■ **PROVIDED ENTRIES**
★ ★ ★ ★ ★ ★ ★

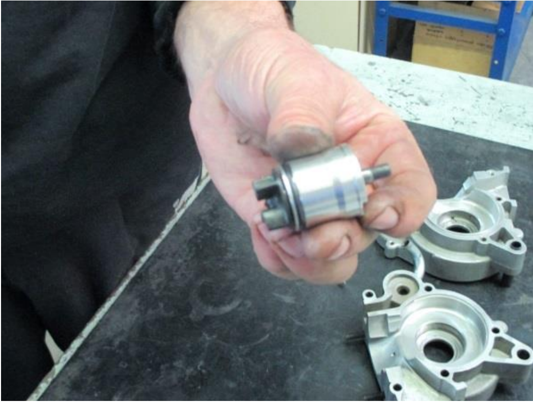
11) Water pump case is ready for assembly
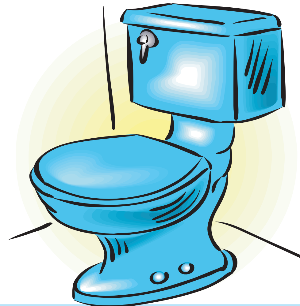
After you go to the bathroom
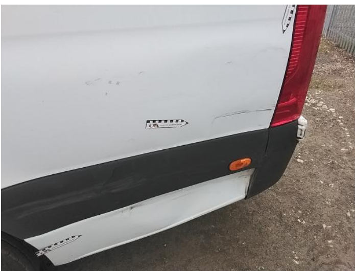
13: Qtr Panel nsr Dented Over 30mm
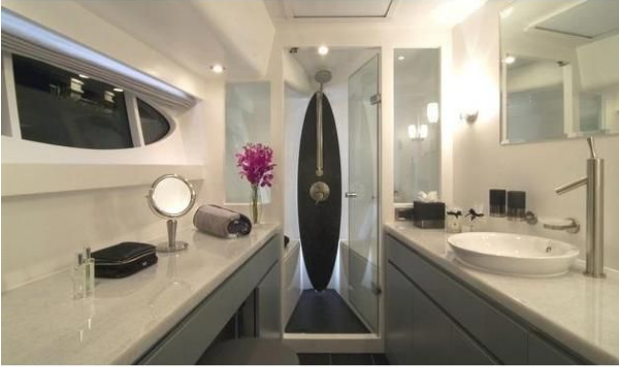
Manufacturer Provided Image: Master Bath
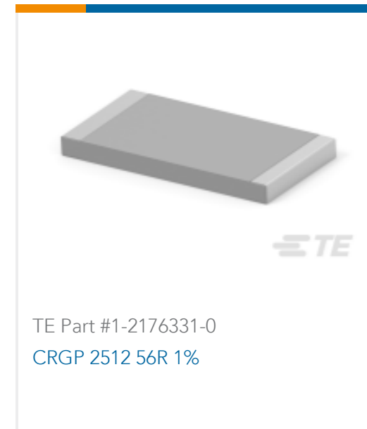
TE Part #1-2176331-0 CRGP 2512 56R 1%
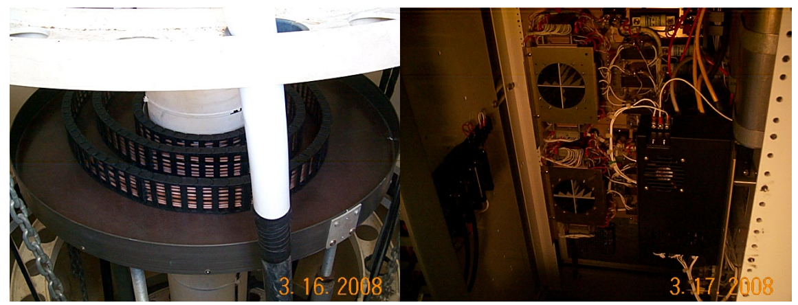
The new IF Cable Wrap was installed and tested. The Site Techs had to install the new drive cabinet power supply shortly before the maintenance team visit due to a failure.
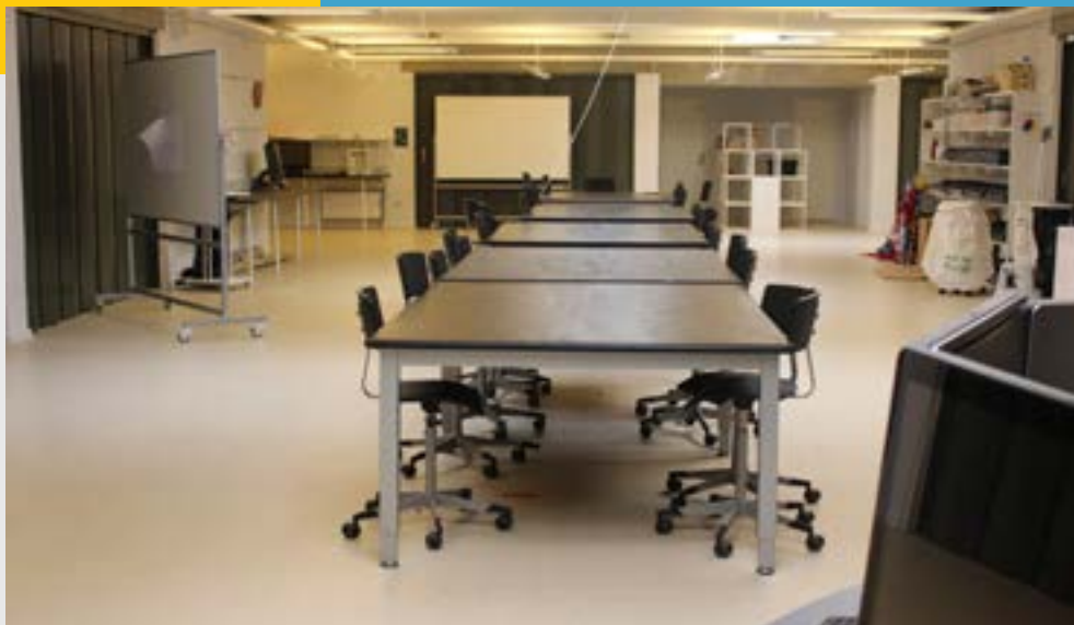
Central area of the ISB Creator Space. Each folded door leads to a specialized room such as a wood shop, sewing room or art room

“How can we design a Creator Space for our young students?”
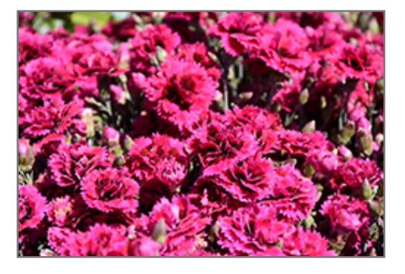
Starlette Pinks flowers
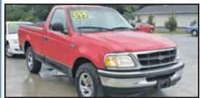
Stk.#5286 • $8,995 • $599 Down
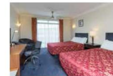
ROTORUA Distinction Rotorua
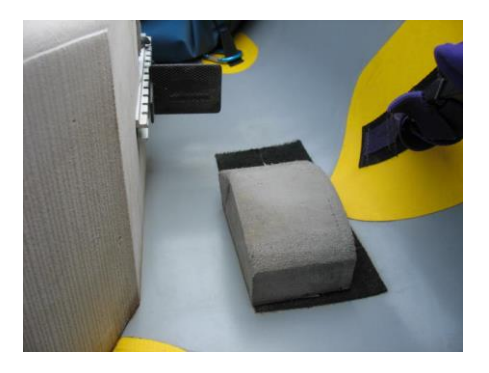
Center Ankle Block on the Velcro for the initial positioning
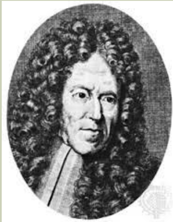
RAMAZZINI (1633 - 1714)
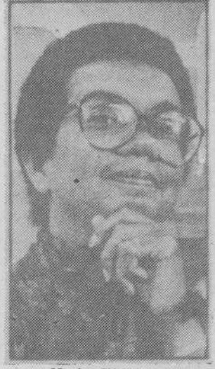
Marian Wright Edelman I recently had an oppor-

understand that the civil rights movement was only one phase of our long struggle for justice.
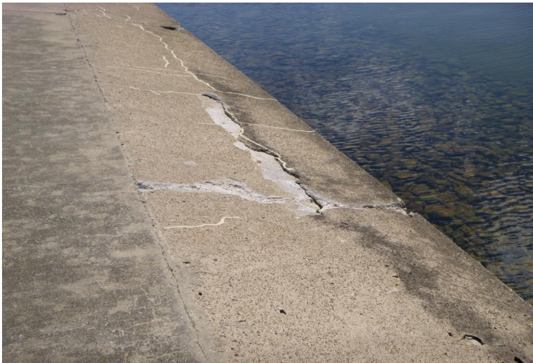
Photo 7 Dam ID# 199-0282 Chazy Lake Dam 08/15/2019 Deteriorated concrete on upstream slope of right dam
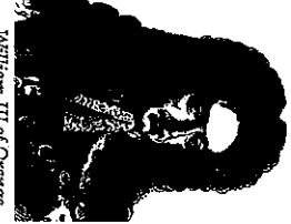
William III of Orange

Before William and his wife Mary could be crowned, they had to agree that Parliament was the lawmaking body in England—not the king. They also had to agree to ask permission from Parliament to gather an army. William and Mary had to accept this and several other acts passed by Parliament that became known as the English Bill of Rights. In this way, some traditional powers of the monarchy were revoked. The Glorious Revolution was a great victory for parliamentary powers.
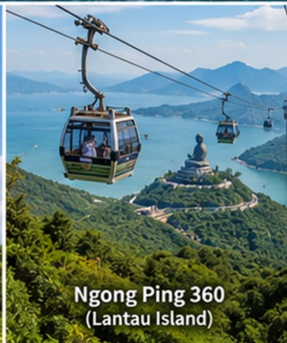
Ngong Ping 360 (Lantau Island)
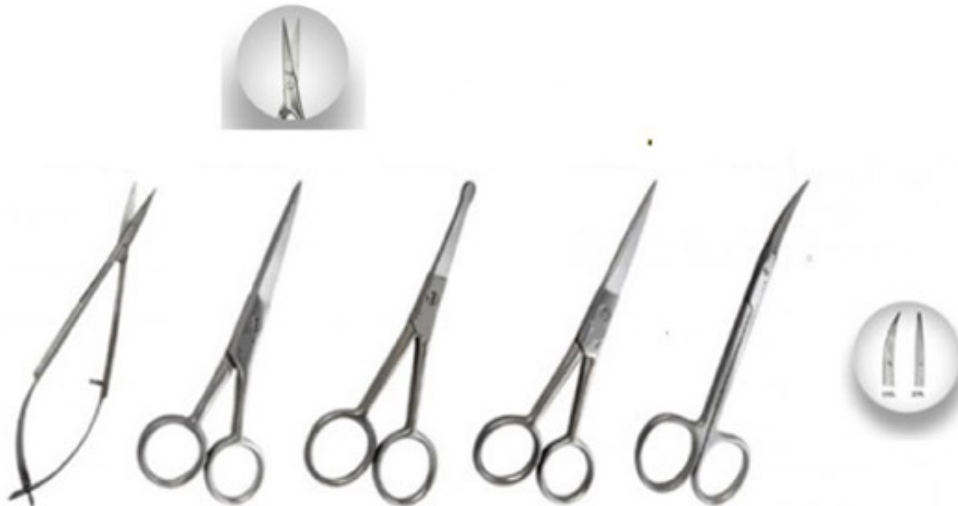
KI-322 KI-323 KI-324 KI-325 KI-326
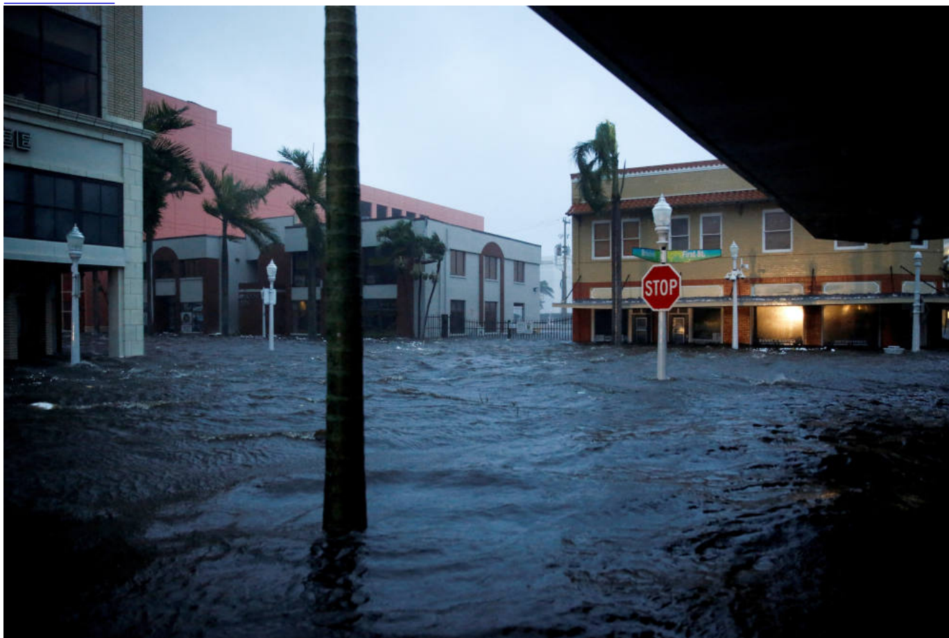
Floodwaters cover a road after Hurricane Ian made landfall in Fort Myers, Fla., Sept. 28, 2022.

★ ★ ★ ★ ★ ★ ★

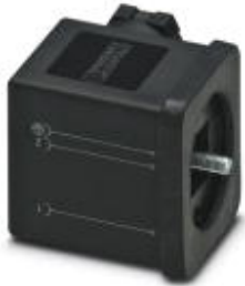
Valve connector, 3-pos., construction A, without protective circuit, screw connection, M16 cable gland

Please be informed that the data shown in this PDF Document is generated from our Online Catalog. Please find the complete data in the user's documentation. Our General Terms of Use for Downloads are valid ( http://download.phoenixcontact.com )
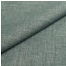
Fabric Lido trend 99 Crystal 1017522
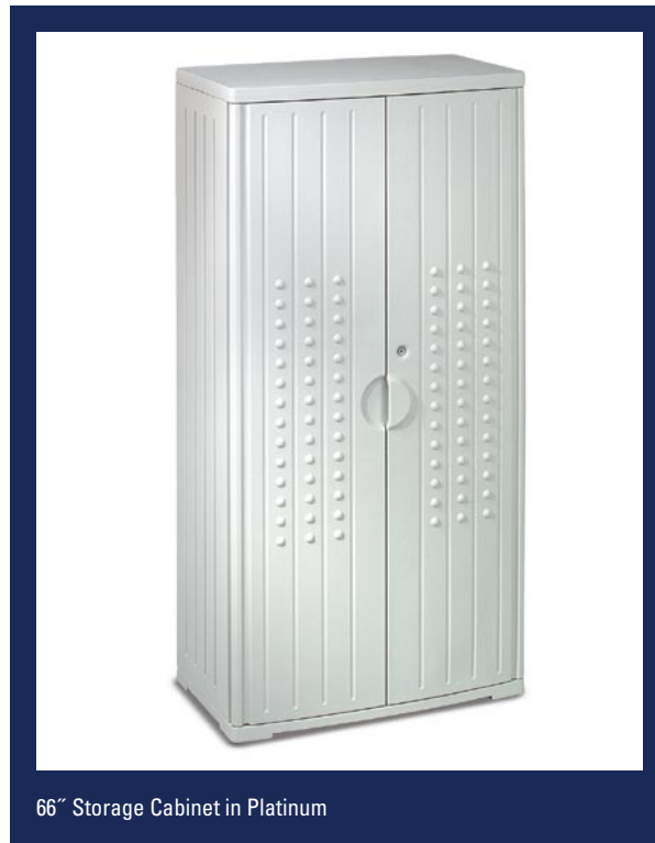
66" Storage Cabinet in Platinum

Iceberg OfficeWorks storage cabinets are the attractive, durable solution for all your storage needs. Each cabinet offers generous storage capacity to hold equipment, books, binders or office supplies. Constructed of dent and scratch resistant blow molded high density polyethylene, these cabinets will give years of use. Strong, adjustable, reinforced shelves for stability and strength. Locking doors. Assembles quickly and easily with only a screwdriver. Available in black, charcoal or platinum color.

★ ★ ★ ★ ★ ★ ★

■ **TASK OBJECTIVE**
The answer must consist of every line from the entries above that contains the string "Each".

■ **SOLUTION**
Central area of the ISB Creator Space. Each folded door leads to a specialized room such as a wood shop, sewing room or art room
Iceberg OfficeWorks storage cabinets are the attractive, durable solution for all your storage needs. Each cabinet offers generous storage capacity to hold equipment, books, binders or office supplies. Constructed of dent and scratch resistant blow molded high density polyethylene, these cabinets will give years of use. Strong, adjustable, reinforced shelves for stability and strength. Locking doors. Assembles quickly and easily with only a screwdriver. Available in black, charcoal or platinum color.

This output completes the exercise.